## DATA FOR REVIEW
Start of Block
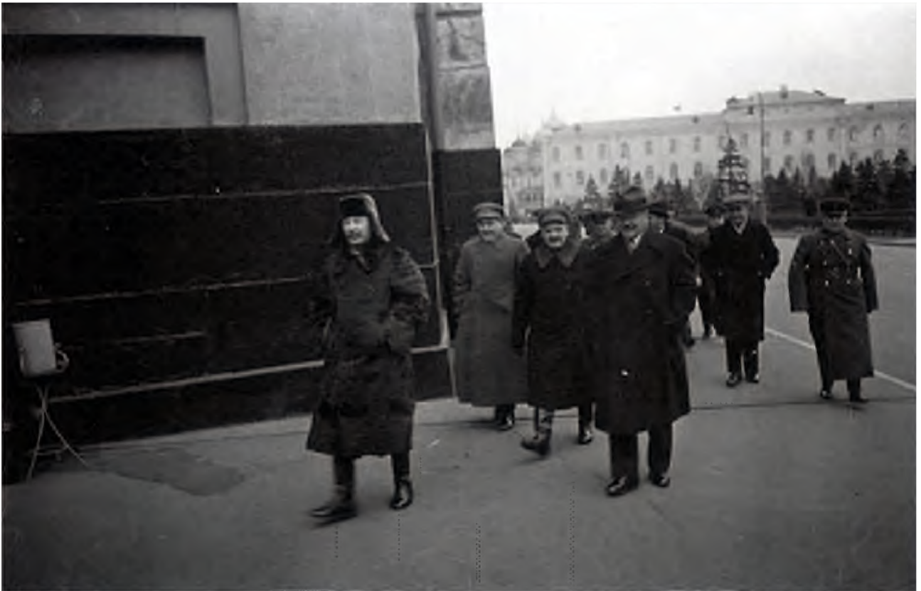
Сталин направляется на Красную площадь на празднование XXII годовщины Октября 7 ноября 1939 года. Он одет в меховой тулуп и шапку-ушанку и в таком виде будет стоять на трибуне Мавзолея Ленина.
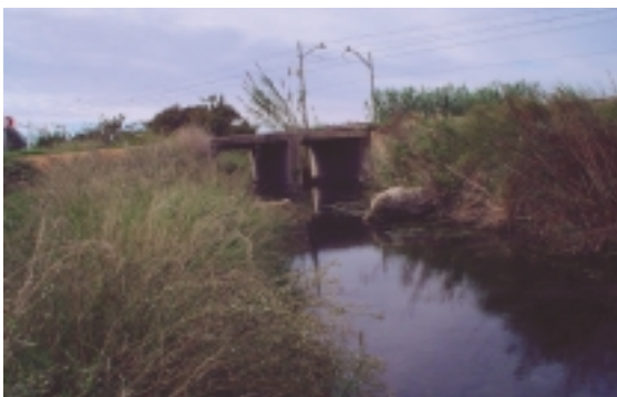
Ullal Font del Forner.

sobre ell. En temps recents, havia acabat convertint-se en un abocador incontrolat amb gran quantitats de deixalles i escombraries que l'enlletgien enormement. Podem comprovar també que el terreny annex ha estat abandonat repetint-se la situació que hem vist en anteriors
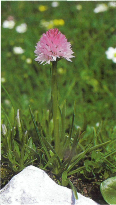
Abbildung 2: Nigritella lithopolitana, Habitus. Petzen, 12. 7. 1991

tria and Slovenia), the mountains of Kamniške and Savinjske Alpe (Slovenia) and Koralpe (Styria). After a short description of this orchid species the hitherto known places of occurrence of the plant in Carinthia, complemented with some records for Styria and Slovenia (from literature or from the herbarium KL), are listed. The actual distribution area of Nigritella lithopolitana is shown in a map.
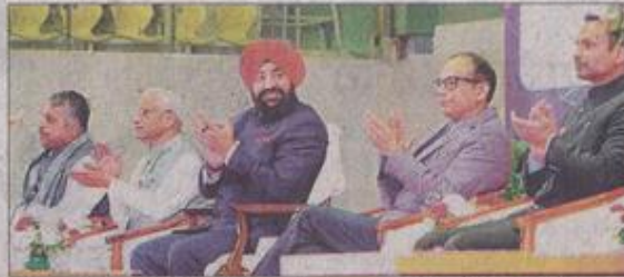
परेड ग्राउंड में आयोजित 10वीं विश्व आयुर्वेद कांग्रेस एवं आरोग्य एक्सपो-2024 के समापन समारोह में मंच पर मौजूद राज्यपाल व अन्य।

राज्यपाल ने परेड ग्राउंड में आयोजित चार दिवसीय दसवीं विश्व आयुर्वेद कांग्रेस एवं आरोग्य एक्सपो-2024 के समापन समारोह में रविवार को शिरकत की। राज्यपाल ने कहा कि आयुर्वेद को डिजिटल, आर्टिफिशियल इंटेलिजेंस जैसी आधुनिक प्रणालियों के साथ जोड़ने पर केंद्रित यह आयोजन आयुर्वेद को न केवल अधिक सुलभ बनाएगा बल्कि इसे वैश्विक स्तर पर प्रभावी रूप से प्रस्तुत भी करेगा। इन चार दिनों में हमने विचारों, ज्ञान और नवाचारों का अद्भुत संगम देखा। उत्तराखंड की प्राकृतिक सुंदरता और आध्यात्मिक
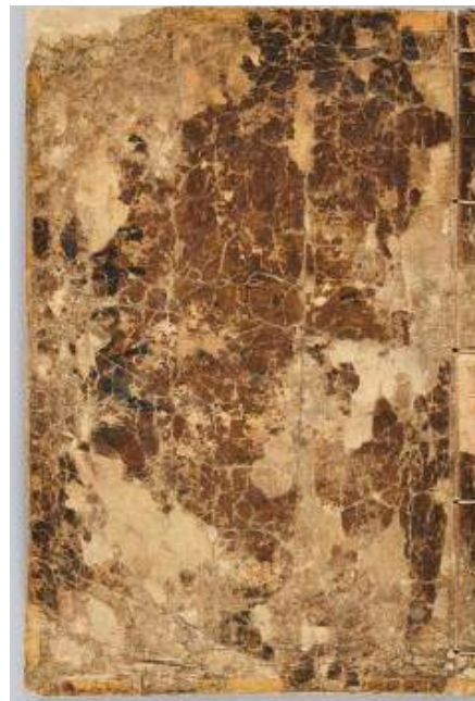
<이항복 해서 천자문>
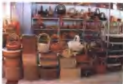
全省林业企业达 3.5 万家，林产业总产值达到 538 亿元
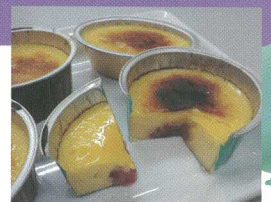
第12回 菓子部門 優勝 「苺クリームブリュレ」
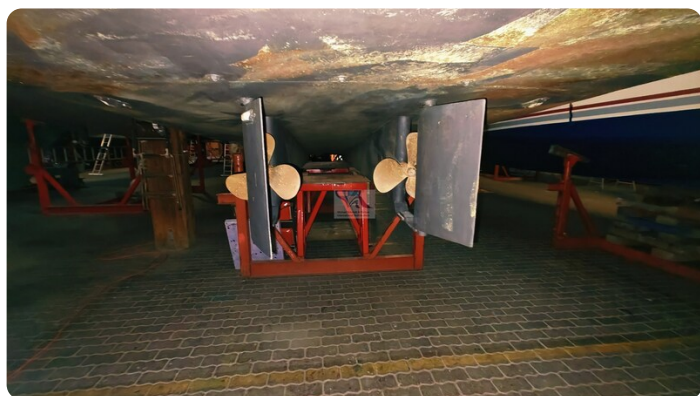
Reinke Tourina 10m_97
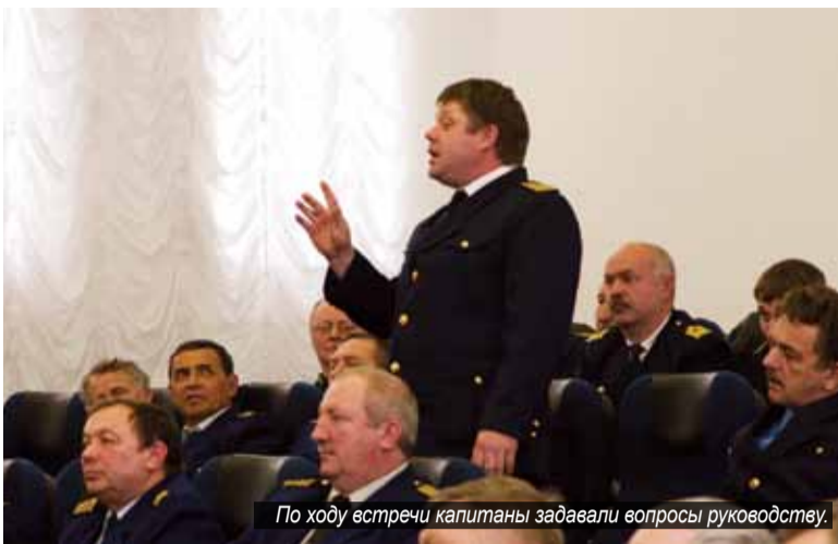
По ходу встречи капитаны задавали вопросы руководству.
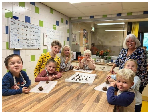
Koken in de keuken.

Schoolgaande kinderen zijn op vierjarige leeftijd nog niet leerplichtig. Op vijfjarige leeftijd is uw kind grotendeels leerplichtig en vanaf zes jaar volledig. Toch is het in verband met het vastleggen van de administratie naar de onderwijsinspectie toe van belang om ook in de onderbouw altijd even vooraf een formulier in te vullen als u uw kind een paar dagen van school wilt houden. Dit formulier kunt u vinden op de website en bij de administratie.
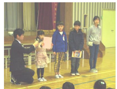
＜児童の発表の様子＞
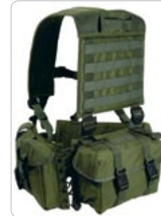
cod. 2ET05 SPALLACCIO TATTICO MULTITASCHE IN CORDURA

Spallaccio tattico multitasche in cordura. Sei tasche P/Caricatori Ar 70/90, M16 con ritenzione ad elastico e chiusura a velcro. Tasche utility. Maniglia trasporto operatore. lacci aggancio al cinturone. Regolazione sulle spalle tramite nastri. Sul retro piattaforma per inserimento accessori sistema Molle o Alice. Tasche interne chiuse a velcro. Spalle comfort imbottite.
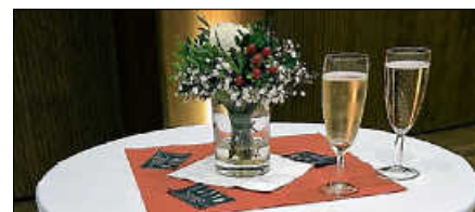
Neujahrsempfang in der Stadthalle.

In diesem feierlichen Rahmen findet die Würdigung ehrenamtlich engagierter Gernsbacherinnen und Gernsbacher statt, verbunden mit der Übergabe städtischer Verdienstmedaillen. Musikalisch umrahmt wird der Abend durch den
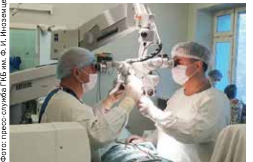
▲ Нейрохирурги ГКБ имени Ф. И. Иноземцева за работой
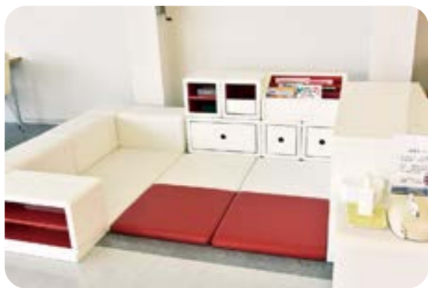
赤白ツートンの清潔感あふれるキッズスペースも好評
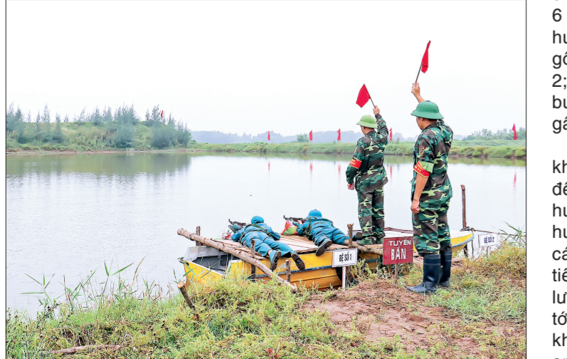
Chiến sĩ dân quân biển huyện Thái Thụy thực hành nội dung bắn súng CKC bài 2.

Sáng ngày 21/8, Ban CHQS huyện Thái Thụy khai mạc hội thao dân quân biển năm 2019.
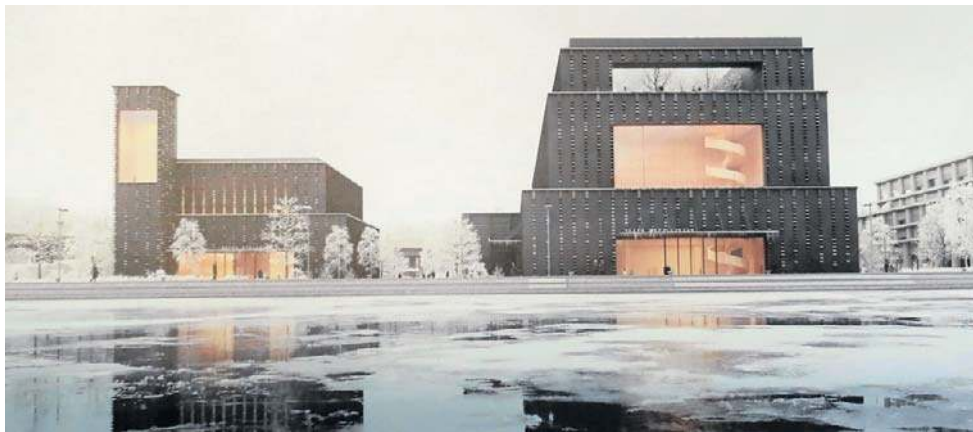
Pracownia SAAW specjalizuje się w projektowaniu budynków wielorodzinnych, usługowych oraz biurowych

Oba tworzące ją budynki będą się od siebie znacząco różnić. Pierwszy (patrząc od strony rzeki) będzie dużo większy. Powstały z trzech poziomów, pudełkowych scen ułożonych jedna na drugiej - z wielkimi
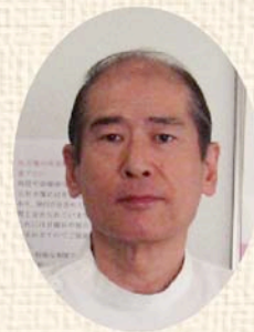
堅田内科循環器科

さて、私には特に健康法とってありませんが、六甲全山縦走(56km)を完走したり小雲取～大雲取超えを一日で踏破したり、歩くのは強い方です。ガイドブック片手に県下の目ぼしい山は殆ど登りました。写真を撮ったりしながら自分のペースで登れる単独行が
End of Block
## EXERCISE DESCRIPTION
The range to transcribe runs from the line holding "Chiến sĩ dân" through the final line of the data above; copy it exactly and exclude the pictures.

## EXERCISE SOLUTION
Chiến sĩ dân quân biển huyện Thái Thụy thực hành nội dung bắn súng CKC bài 2.

Sáng ngày 21/8, Ban CHQS huyện Thái Thụy khai mạc hội thao dân quân biển năm 2019.
Pracownia SAAW specjalizuje się w projektowaniu budynków wielorodzinnych, usługowych oraz biurowych

Oba tworzące ją budynki będą się od siebie znacząco różnić. Pierwszy (patrząc od strony rzeki) będzie dużo większy. Powstały z trzech poziomów, pudełkowych scen ułożonych jedna na drugiej - z wielkimi
堅田内科循環器科

さて、私には特に健康法とってありませんが、六甲全山縦走(56km)を完走したり小雲取～大雲取超えを一日で踏破したり、歩くのは強い方です。ガイドブック片手に県下の目ぼしい山は殆ど登りました。写真を撮ったりしながら自分のペースで登れる単独行が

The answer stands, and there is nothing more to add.